The first issue is retrieval and compliance. A docstring sitting on the same function is the best case for specification proximity. An external policy document, a requirements file, a Confluence page is a much weaker guarantee. The agent needs to find it, read it, and apply it faithfully. Anyone who has watched an AI agent work at scale knows that is not a safe assumption. Agents read context selectively. They produce plausible output that satisfies surface checks without necessarily following the rule they were given. I have seen this enough times firsthand to know I cannot treat documentation-as-specification as reliable ground truth.

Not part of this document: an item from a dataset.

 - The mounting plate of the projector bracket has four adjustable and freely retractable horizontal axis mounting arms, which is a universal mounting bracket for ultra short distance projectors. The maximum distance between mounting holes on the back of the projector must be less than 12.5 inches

The second issue is drift. Docstrings are not executable. They do not fail when the code diverges from them. A function can be refactored, a business rule can change, an edge case can be added, and the docstring sits there describing what the function used to do, confidently, in present tense. Every codebase accumulates this. The reviewer checking code against a stale docstring is not checking against intent. It is checking against what someone intended when they first wrote it.
A BDD scenario cannot drift silently. When the system stops behaving the way the scenario describes, the scenario fails. The build stops. The divergence is visible immediately. That is not a property of documentation. It is a property of executable specifications. The difference is not one of quality or discipline. It is structural.

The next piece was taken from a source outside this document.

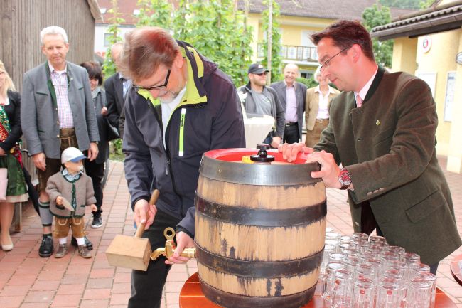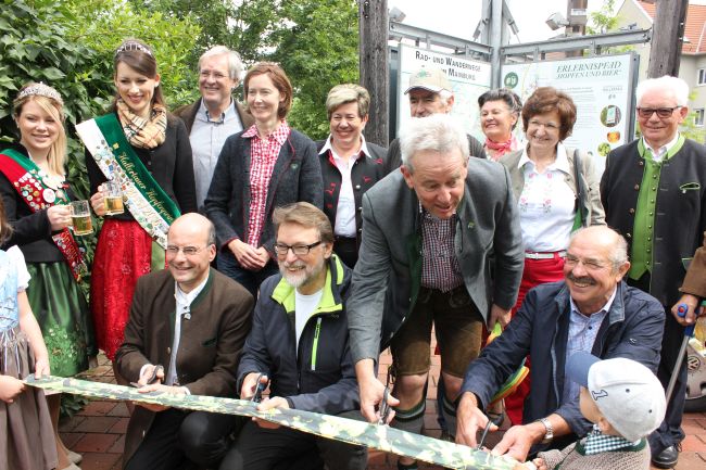 Der Erlebnispfad „Hopfen und Bier“ zwischen Mainburg und Ratzenhofen wurde modernisiert und bekam 17 neu gestaltete Informationstafeln sowie zwei neue Wegweisertafeln. Das war am Wochenende anlässlich des großen Familienerlebnistages Grund genug, die Sektkorken knallen zu lassen oder besser gesagt ein frisches Fass Bier anzuzapfen – und zwar vom Landrat Martin Wolf höchstpersönlich.

The objection "just write better documentation" asks for the same discipline that produced the bad documentation in the first place, and adds an assumption that AI agents will follow it reliably. The BDD pipeline removes both dependencies.
The Implication
An AI reviewer without an external specification is a probability estimate, not a quality gate. It samples from the same distribution as the generator and applies pattern matching against its training data. It will catch some things the generator missed, particularly common vulnerability patterns and well-documented anti-patterns that appear frequently in training data. It will systematically miss whatever the generator systematically missed, because they share the same prior.
A BDD scenario that fails is a falsified claim. The pipeline either passes or it does not. There is no hallucination, no false confidence, no noise to filter.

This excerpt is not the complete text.